**Exercise goal**
Please write out the lines of the data exactly, beginning with the first and ending with the line containing "黒地にマルチカラーの色使いで"; leave the pictures behind.

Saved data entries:
-- -- --

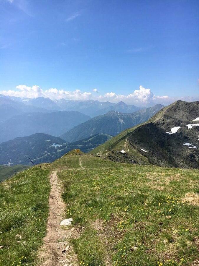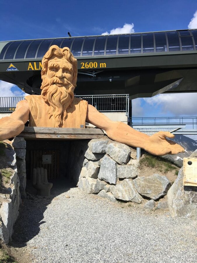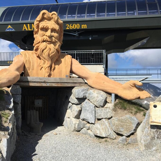 Zeitig in der Früh ging es für uns mit der Schönjochbahn bei traumhaftem Wetter hinauf aufs Fisser Joch. Dort erwartete uns bereits eine atemberaubende Aussicht auf die umliegende Bergwelt. Nachdem wir diesen besonderen Moment mit einem Foto festgehalten hatten, machten wir uns auf den Weg. Zunächst führte uns der neu angelegte „Goldene-Mann-Weg“ hinauf zur Aussichtsplattform Z1. Entlang des Themenweges gilt es, zahlreiche Rätsel rund um die Sage des Goldenen Mannes zu lösen, der dort einst, gemeinsam mit fiesen Gnomen, hauste. Nach etwa einer Stunde Gehzeit, wurden wir zum Abschluss noch vom Goldenen Mann persönlich empfangen.
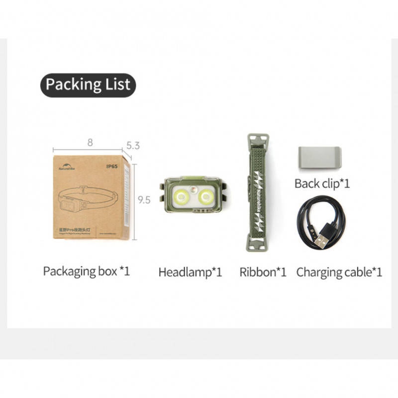 Ліхтар Naturehike CNK2550ZM011, зарядний кабель, налобна резинка, знімна кліпса.
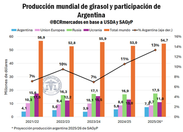 La gran cosecha argentina llega a los mercados internacionales en un contexto óptimo. La anterior campaña mundial de girasol fue la más baja en cinco años, y la presente, si bien es superior a la 2024/25, no es suficiente para recuperar stocks, debido a los bajos resultados productivos en Ucrania, la UE y Turquía. Según el USDA, bajo este escenario las semillas de girasol argentinas representan 13% de la producción global, el share más alto en el último lustro. Además, el país gana lugar en una coyuntura con precios favorables, pues el valor FOB promedio del aceite de girasol entre septiembre de 2025 y marzo de 2026 marca US$1.300/t según el USDA, cuando en el mismo periodo un año antes era de US$ 1.100/t.
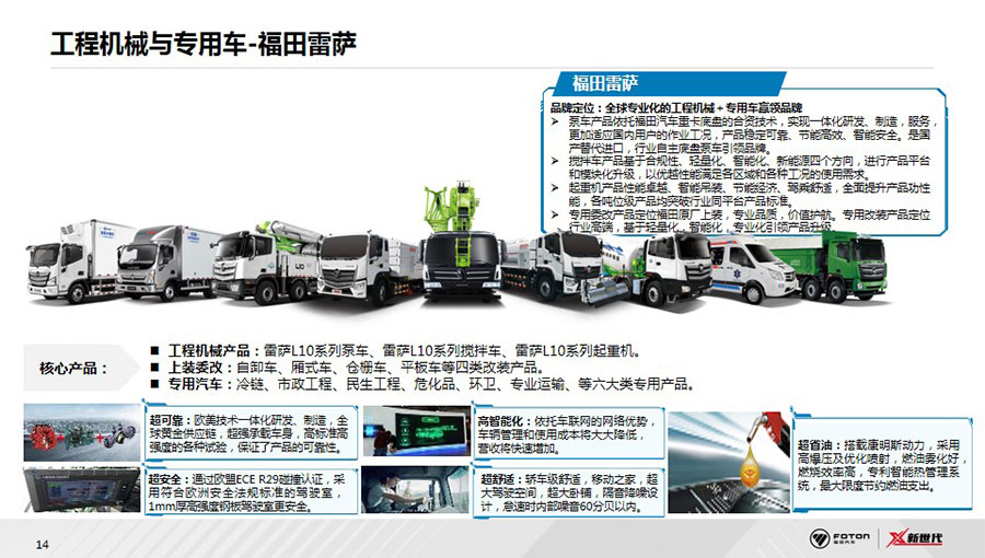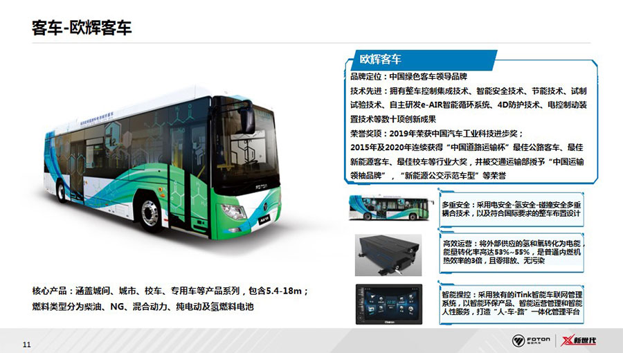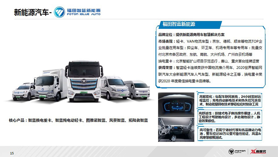 福田汽車(chē)已形成集整車(chē)制造、核心零部件、汽車(chē)金融、車(chē)聯(lián)網(wǎng)、福田電商、二手車(chē)為一體的汽車(chē)生態(tài)體系,涵蓋整車(chē)、零部件、汽車(chē)后市場(chǎng)三大業(yè)務(wù)版塊。整車(chē)業(yè)務(wù)覆蓋卡車(chē)、大中客車(chē)、輕型客車(chē)、皮卡、工程機(jī)械與環(huán)境裝備、新能源汽車(chē)等6大業(yè)務(wù)單元及18個(gè)產(chǎn)品品牌。在超級(jí)動(dòng)力鏈層面,福田汽車(chē)與康明斯、采埃孚等全球合作伙伴,全球首創(chuàng)動(dòng)力鏈集成創(chuàng)新模式,成立福田汽車(chē)動(dòng)力集成創(chuàng)新中心PDIC,定制打造福田汽車(chē)第一條動(dòng)力鏈產(chǎn)品——“X超級(jí)動(dòng)力鏈”,引領(lǐng)中國(guó)商用車(chē)動(dòng)力系統(tǒng)變革。后市場(chǎng)業(yè)務(wù)著力服務(wù)生態(tài)建設(shè),覆蓋用戶從購(gòu)車(chē)到用車(chē)的全生命周期,積極拓展金融、二手車(chē)業(yè)務(wù),將智能科技融入服務(wù)體系,2020年,發(fā)布智能互聯(lián)業(yè)務(wù)品牌——會(huì)享福,著力推進(jìn)商用車(chē)后市場(chǎng)服務(wù)生態(tài)建設(shè)。
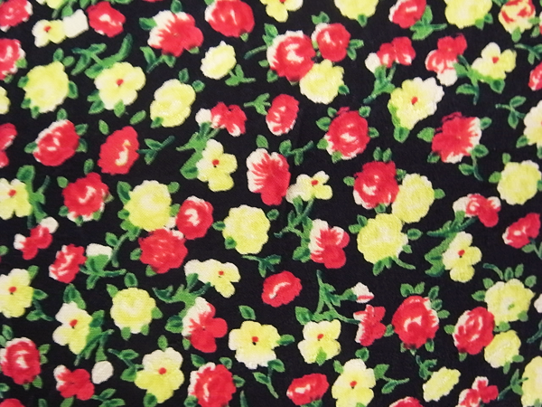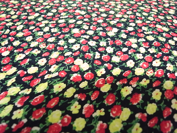 黒地にマルチカラーの色使いで小花柄プリントが施されたGIVENCHYらしい上品な雰囲気の生地です。
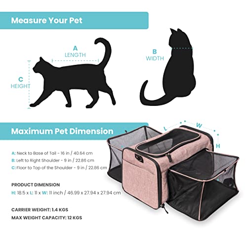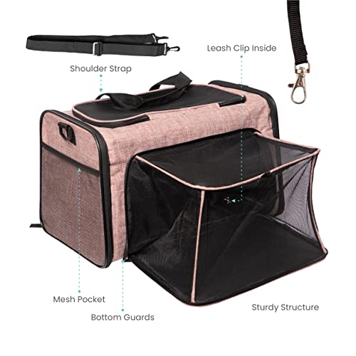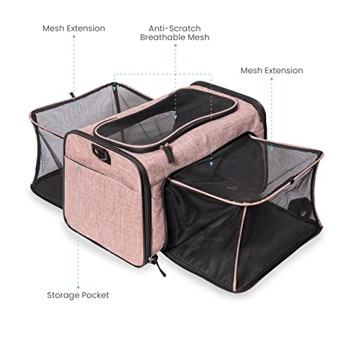 Barkbutler x Fofos Expandable Foldable Carrier, Pink |Anti-Scratch Breathable mesh + Padded Base | Sturdy Structure + Metal Leash Clip and Durable Zippers | Foldable for Road Travel + Storage Pockets
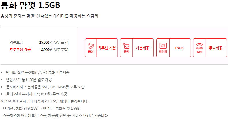 데이터 1.5GB + 통화, 문자 무제한
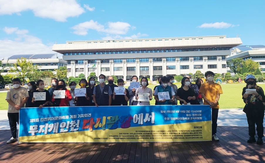 25개 시민사회단체가 참여한 인천퀴어문화축제 조직위원회는 19일 인천시청 앞에서 기자회견을 열고 제5회 인천퀴어문화축제 개최 날짜를 10월 15일로 확정했다고 밝혔다.
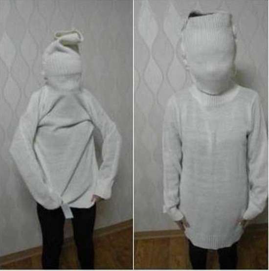 하지만 이 여성이 옷을 입으려고 노력에도 불구하고 목 부분이 너무 좁아 여성의 머리가 터틀넥을 통과하지 못하는 상황에 빠졌다.
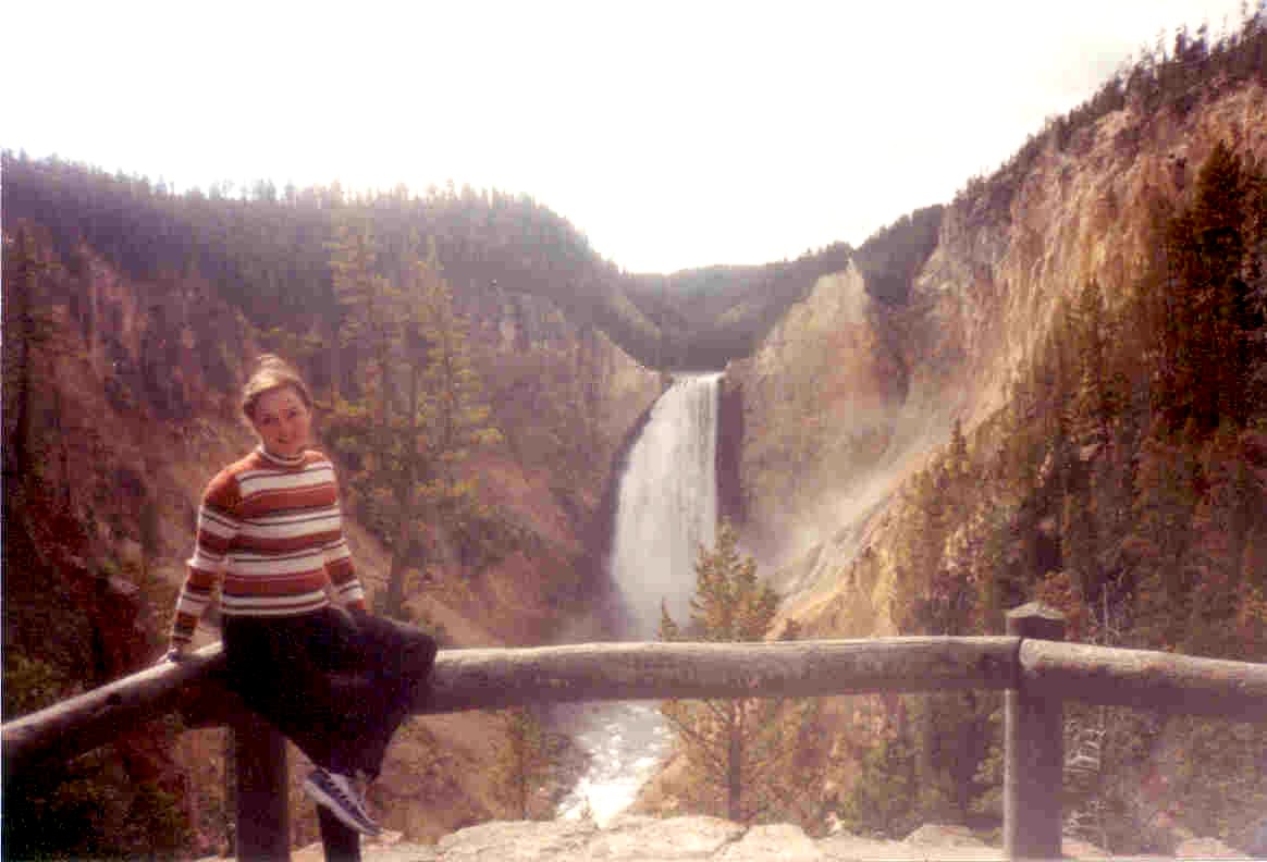 wonderful waterfall in Yellowstone and me
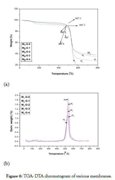 Thermal properties: Thermogravimetric analysis (TGA) and Differential Thermal Analysis (DTA) of the membranes prepared with Dendrimer (G-0, 1, 2, 3, 4) are shown in the Figure 6a and 6b. TGA DTA studies of the membranes were done under the atmosphere of N2 at a heating rate of 100°C min-1. The thermal decomposition curves of the membranes are shown in Figure 6a and the derivative curves of the membranes are shown in Figure 6b. From the TGA curves it was observed that all the membranes are stable up to a temperature of 480°C-500°C. Thus; it was observed from the TGA curves that all the membranes prepared by various generations of dendrimer possessed almost similar extent of thermal stabilities. From the DTA curves of the membranes it was observed that all the membranes possessed an exotherm which was obtained around 530°C-560°C.
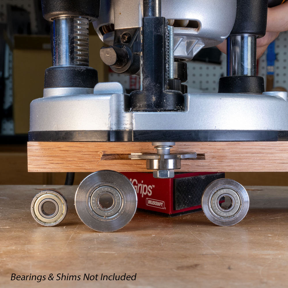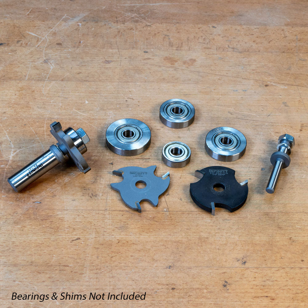 Switching cutters and bearings for the best performance is a simple task. Choose either a ½” or ¼” arbor, then select the cutter thickness preferred. Select the correct diameter bearing for your slot depth, and assemble.
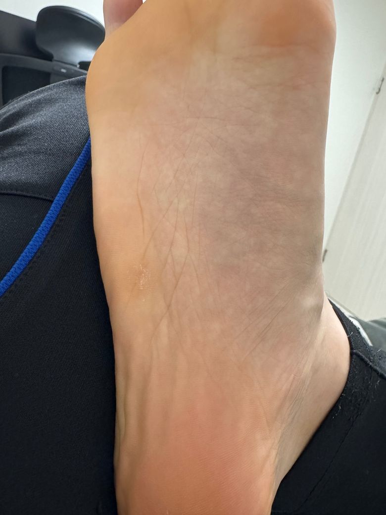 무좀일까요? 오른쪽 발에 약간 각질이 있습니다
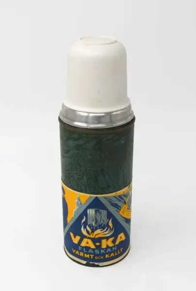 Mitten visar ett isblock med en eld under och texten: "VA-KA FLASKAN VARMT och KALLT".
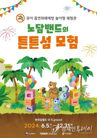 경제인투데이 류현민 기자 | 보건복지부와 한국건강증진개발원은 6월 5일부터 12월 31일까지 경기도 성남시 한국잡월드(이사장 이병균)에서 동화 속 주인공들과 함께 놀이하며 흡연의 위해성을 배울 수 있는 유아 및 어린이 대상 놀이·체험형 전시 콘텐츠 ‘노담밴드의 튼튼섬 모험’을 전시한다고 밝혔다.

-- -- --

**Answer box**
 Zeitig in der Früh ging es für uns mit der Schönjochbahn bei traumhaftem Wetter hinauf aufs Fisser Joch. Dort erwartete uns bereits eine atemberaubende Aussicht auf die umliegende Bergwelt. Nachdem wir diesen besonderen Moment mit einem Foto festgehalten hatten, machten wir uns auf den Weg. Zunächst führte uns der neu angelegte „Goldene-Mann-Weg“ hinauf zur Aussichtsplattform Z1. Entlang des Themenweges gilt es, zahlreiche Rätsel rund um die Sage des Goldenen Mannes zu lösen, der dort einst, gemeinsam mit fiesen Gnomen, hauste. Nach etwa einer Stunde Gehzeit, wurden wir zum Abschluss noch vom Goldenen Mann persönlich empfangen.
 Ліхтар Naturehike CNK2550ZM011, зарядний кабель, налобна резинка, знімна кліпса.
 La gran cosecha argentina llega a los mercados internacionales en un contexto óptimo. La anterior campaña mundial de girasol fue la más baja en cinco años, y la presente, si bien es superior a la 2024/25, no es suficiente para recuperar stocks, debido a los bajos resultados productivos en Ucrania, la UE y Turquía. Según el USDA, bajo este escenario las semillas de girasol argentinas representan 13% de la producción global, el share más alto en el último lustro. Además, el país gana lugar en una coyuntura con precios favorables, pues el valor FOB promedio del aceite de girasol entre septiembre de 2025 y marzo de 2026 marca US$1.300/t según el USDA, cuando en el mismo periodo un año antes era de US$ 1.100/t.
 福田汽車(chē)已形成集整車(chē)制造、核心零部件、汽車(chē)金融、車(chē)聯(lián)網(wǎng)、福田電商、二手車(chē)為一體的汽車(chē)生態(tài)體系,涵蓋整車(chē)、零部件、汽車(chē)后市場(chǎng)三大業(yè)務(wù)版塊。整車(chē)業(yè)務(wù)覆蓋卡車(chē)、大中客車(chē)、輕型客車(chē)、皮卡、工程機(jī)械與環(huán)境裝備、新能源汽車(chē)等6大業(yè)務(wù)單元及18個(gè)產(chǎn)品品牌。在超級(jí)動(dòng)力鏈層面,福田汽車(chē)與康明斯、采埃孚等全球合作伙伴,全球首創(chuàng)動(dòng)力鏈集成創(chuàng)新模式,成立福田汽車(chē)動(dòng)力集成創(chuàng)新中心PDIC,定制打造福田汽車(chē)第一條動(dòng)力鏈產(chǎn)品——“X超級(jí)動(dòng)力鏈”,引領(lǐng)中國(guó)商用車(chē)動(dòng)力系統(tǒng)變革。后市場(chǎng)業(yè)務(wù)著力服務(wù)生態(tài)建設(shè),覆蓋用戶從購(gòu)車(chē)到用車(chē)的全生命周期,積極拓展金融、二手車(chē)業(yè)務(wù),將智能科技融入服務(wù)體系,2020年,發(fā)布智能互聯(lián)業(yè)務(wù)品牌——會(huì)享福,著力推進(jìn)商用車(chē)后市場(chǎng)服務(wù)生態(tài)建設(shè)。
 黒地にマルチカラーの色使いで小花柄プリントが施されたGIVENCHYらしい上品な雰囲気の生地です。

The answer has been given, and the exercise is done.